Вновь покинув дом и проехав примерно восемьсот метров, я почувствовал в салоне знакомый запах: через открытую дверцу в машину забралась собака. Сначала я хотел отвезти ее обратно, но потом решил бросить где-нибудь по дороге.
Южный ветер поднимал пыль. Я включил дворники. Природа стискивала меня в своих объятиях. На перекрестке я повернул на север с единственной мыслью: пересечь границу как можно быстрее, воспользоваться всеобщим смятением и тихонечко улизнуть. Если придерживаться северного направления, то приедешь в Канаду. Разумеется, от Сьерра-Невады ближе всего Мексика, но я не говорил по-испански, да и сама страна меня не слишком привлекала. Судя по вестернам, все мужчины в Мексике развратные и жестокие, а женщины только и делают, что позволяют себя насиловать или прислуживают на кухне пьяным тупым ханыгам. Плюс Канады в том, что там говорят по-английски. Первые пятнадцать лет своей жизни я провел в приграничном штате, в Монтане, так что в Канаде окажусь почти дома, хоть никогда и не любил его. На востоке меньше риск попасться. Но сначала надо пройти горы, а в это время года там можно превратиться в снеговика. Если пересечь горы, то окажешься в Неваде, тоже не отличающейся мягким климатом. Я не испытывал ни малейшего желания застрять в пустыне из-за нехватки бензина и умереть от жажды.
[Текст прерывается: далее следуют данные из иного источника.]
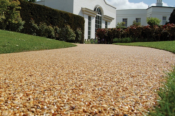 Sau đó, trộn đều chất kết dính với cốt liệu đã chọn để thi công sàn sỏi Polymer.
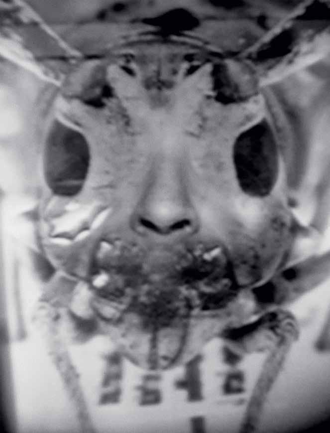 The Japanese company Minolta began manufacturing its Montage Unit in the 1950s to assist in the identification and facial reconstruction of victims of the atomic bomb on Hiroshima. Its analogue mirror technique combines fragments from up to four portraits, each the size of a passport photograph, creating a single image, a so-called phantom image. Police forces in Japan and the United States subsequently used the Minolta Montage Unit to identify suspects. Its use became standard procedure in West German police departments at the time of the Baader-Meinhof terror attacks, beginning in the 1970s. While police-produced phantom images rely on mugshots of arrested persons, Lang, working with the detective, used photos of all the residents of his home village in Germany, Schloss-Nauses, along with photos of insects, primates, owls, and other animals.

Итак, я решил ехать на северо-запад, к океану: суровая зимняя погода там не столь ощутима. В голове у меня уже возник план действий: продать машину-развалюху, отложить бо́льшую часть денег на побег, а на оставшиеся купить мотоцикл. Я предвкушал веселое путешествие. Чувствовал себя не беглецом, а, скорее, парнем, который хочет как следует оторваться на своих последних каникулах, прежде чем наступит не слишком приятный трудовой год. Я даже ни разу не помыслил о том, что могу выйти сухим из воды. Просто мечтал сделать последний глоток воздуха перед тюрьмой, а может, и перед казнью: в те времена на электрическом стуле подыхало столько же людей, сколько летним вечером – комаров на галогеновой лампочке, пока по телевизору показывают детектив[14]. Несовершеннолетних обычно не казнили, но, учитывая длительность судебного процесса, к моменту вынесения вердикта перед присяжными мог оказаться уже вовсе не подросток[15].
Так я думаю сейчас, тогда мои мысли путались. Меня всегда преследовали два страха: страх физического насилия, которое мне с моими габаритами вряд ли грозило, и страх себя самого, отравивший мою собачью жизнь от начала до конца. Всё, мною совершенное, имело свои причины. И бояться последствий не было никакого смысла.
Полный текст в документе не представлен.